◆ **Source data**:
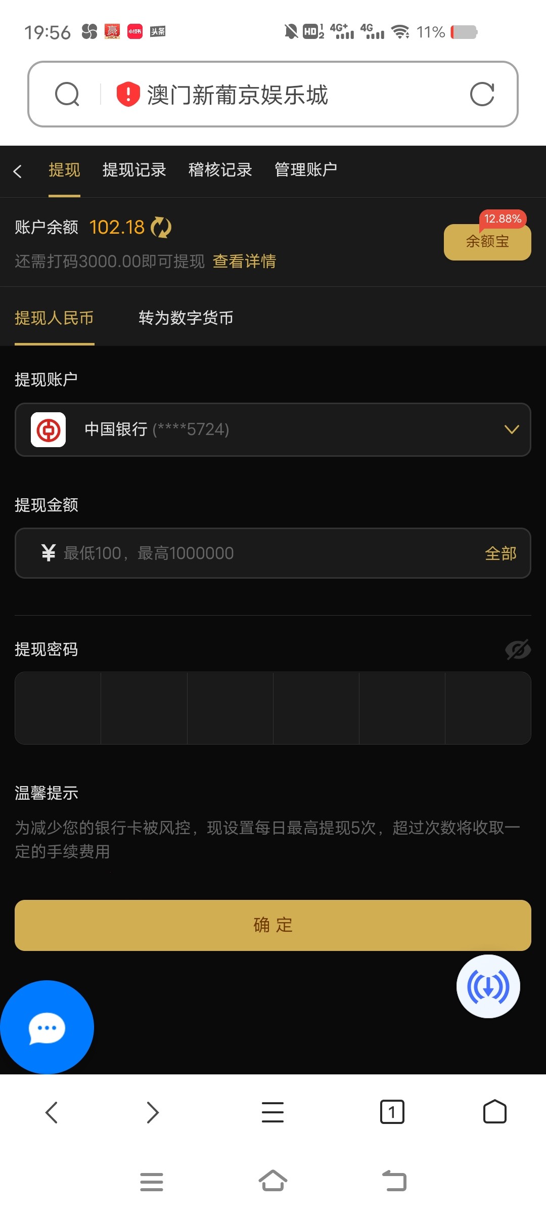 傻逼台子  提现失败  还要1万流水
==
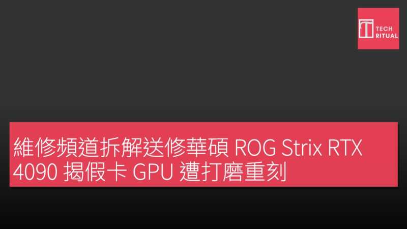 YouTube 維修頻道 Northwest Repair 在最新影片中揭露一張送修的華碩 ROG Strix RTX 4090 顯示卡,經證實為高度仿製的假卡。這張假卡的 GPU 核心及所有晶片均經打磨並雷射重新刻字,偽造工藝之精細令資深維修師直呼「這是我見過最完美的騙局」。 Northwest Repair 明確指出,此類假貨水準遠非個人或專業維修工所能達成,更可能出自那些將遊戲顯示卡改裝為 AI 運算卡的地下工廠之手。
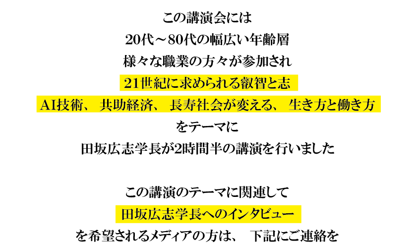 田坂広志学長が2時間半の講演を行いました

◆ **What this task involves**: Reproduce exactly the lines above starting at the line containing "YouTube 維修頻道 Northwest" and ending at the line containing "田坂広志学長が2時間半の講演を行いました", including both, but not the pictures.

◆ **Result**:
 YouTube 維修頻道 Northwest Repair 在最新影片中揭露一張送修的華碩 ROG Strix RTX 4090 顯示卡,經證實為高度仿製的假卡。這張假卡的 GPU 核心及所有晶片均經打磨並雷射重新刻字,偽造工藝之精細令資深維修師直呼「這是我見過最完美的騙局」。 Northwest Repair 明確指出,此類假貨水準遠非個人或專業維修工所能達成,更可能出自那些將遊戲顯示卡改裝為 AI 運算卡的地下工廠之手。
 田坂広志学長が2時間半の講演を行いました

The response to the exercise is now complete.